What a different world is opened up to us when we begin to look at Holy Scripture within the framework of God-established patterns, rather than trying to reason with ourselves or a church council over why God did something a certain way and then balancing that with our current cultural ideas of fairness and morality. If we can only get used to the idea of the Torah being that divine vehicle that announces to us the God-patterns of His character, His universal principles, His will, and His plans for mankind then what we need to be looking for in studying the Bible is this: what pattern is being followed in any given situation. Find the pattern and that answers the question of “why?”

Thus regarding Abraham’s Bosom as this mysterious spiritual place that is neither Heaven nor Hell, but it is pleasant and intended for the souls of the righteous dead, we find upon reading the Holy Scriptures concerning the Cities of Refuge the pattern that they were following in establishing these sanctuary cities in Canaan. Let me say that another way: Abraham’s Bosom was the original spiritual reality that was created BEFORE men ever contemplated the Cities of Refuge. Abraham’s Bosom was the God-created pattern that the Cities of Refuge followed, not the other way around. The spiritual is ALWAYS established first, and then the earthly model (if there is to be one) is created to emulate it (as much as is possible considering the very limited ability of anything physical to mimic anything spiritual).
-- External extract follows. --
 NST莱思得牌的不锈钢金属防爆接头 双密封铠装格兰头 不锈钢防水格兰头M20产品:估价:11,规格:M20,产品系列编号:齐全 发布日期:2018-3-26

It is probably not entirely accurate to say that one of God’s patterns or principles is more important than another, but for the sake of our understanding of The Father and His instructions to us some of His patterns are (practically speaking) more critical to grasp than others. First and foremost to my way of thinking is the pattern that God divides, elects, and separates. From the beginning the Lord established a winnowing process that would eventually lead to an entity the Bible calls The Kingdom of God. This process was not to be brought about by universal inclusion, but rather by careful and well-defined exclusion. The Kingdom of God is a members only club that has the narrowest of gates to enter, and yet establishes the broadest of barriers to intruders or pretenders. This winnowing process of the Lord eventually reducing

Lesson 22 – Joshua 20 & 21 the entire world’s population to a remnant of people who love and trust and are obedient only to Him I label as the God-pattern of dividing, electing, and separating.
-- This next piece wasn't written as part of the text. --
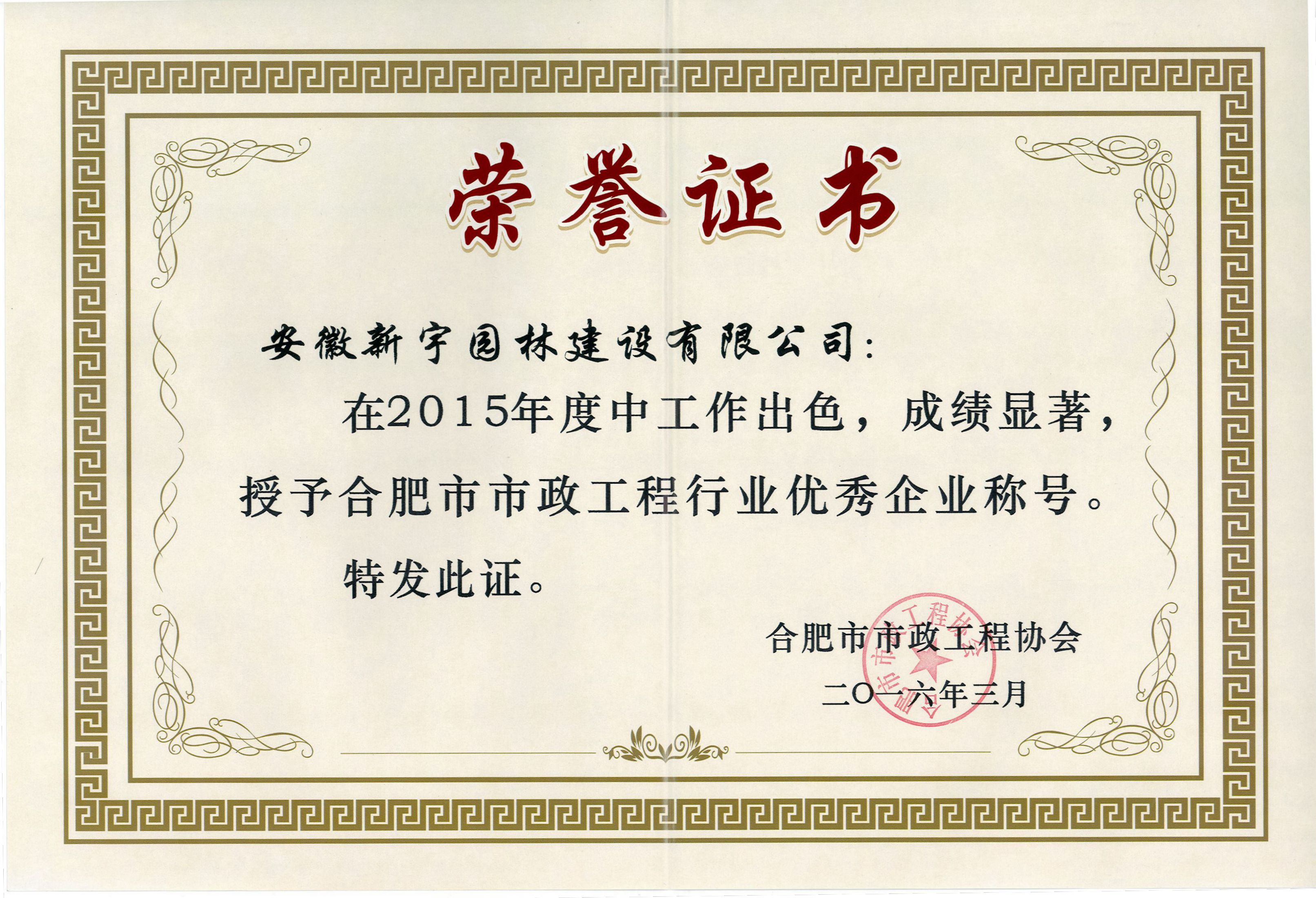恭賀新宇園林榮獲2015年度合肥市市政政工程優(yōu)秀企業(yè)、優(yōu)秀項(xiàng)目經(jīng)理

Perhaps the next most critical pattern necessary for our understanding of the Word of God is embodied in what I label as the Reality of Duality. That is the physical processes, protocols, procedures, rituals, observances, and laws that we find in the Bible are direct parallels of spiritual realities that have existed since eternity past. The Wilderness Tabernacle is a very limited earthly model of God’s heavenly dwelling place. The Levite Priesthood is a very limited earthly model of God’s spiritual servants (angels and cherubim) and their hierarchy as established in heaven. And the Cities of Refuge are a very limited earthly model of a spiritual place of safety for those who love the Lord, and at the same time these cities demonstrated a central part of God’s plan of redemption for humankind.

Therefore we’re going to continue today to look closely at these Cities of Refuge that the Lord has ordered to be set-up in the Promised Land. And before we continue reading in Joshua, let’s read what I wanted to read last week but was too short on time: Numbers 35:9-29.

READ NUMBERS 35:9 – 29

The first thing to understand is that what occurs in Joshua 20 (officially establishing the Cities of Refuge and making them operational) was ordered of Moses by God in the plains of Moab as the Wilderness journey was nearing its end. And naturally verse 10 of Numbers 35 says that this is to happen, “when you cross the Jordon into the land of Canaan…” So Joshua wasn’t late in doing this, it was simply time for it to occur.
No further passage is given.